Robert Laidlow and Southampton Concert Wind Band

Robert is a classical composer based in London whose compositions have been performed across the UK, US, and South America. His music incorporates his background as a jazz saxophonist, and is often inspired by scientific phenomena.

Robert’s work has been performed in concert and workshop by groups including Ensemble Modern, Milwaukee Symphony and Ballet, the Britten Sinfonia, Psappha, the Berkeley Ensemble, and the Hermes Experiment. Recent commissions include a piano quintet for the Campos do Jordao International Festival, a duet for the Doors Open Festival, Milwaukee, and a work for solo singing violist, Katherine Clarke.

www.robertlaidlow.co.uk

Southampton Concert Wind Band is a thriving organisation, playing an active part in the leisure-time musical community, having shared the concert stage with a variety of local ensembles, ranging from wind bands to brass bands and choirs.

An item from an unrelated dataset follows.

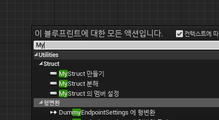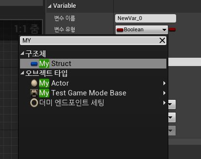 위 방법으로 만든 언리얼C++구조체는 언리얼 컨텐츠 브라우저에 나오지 않으며 액터 클래스에서 선언 후 사용이 가능하다.

As well as regular concert and bandstand appearances, the band has, in recent times, participated in wind band festivals, achieving Platinum Awards three years in succession. The band has also accompanied guest soloists of international renown, giving audiences wonderful performances and musicians experiences to treasure.

Guided by Director of Music Calum Gray, the band has a broad repertoire and high standards, giving energy, and inspiring challenges and high attainment.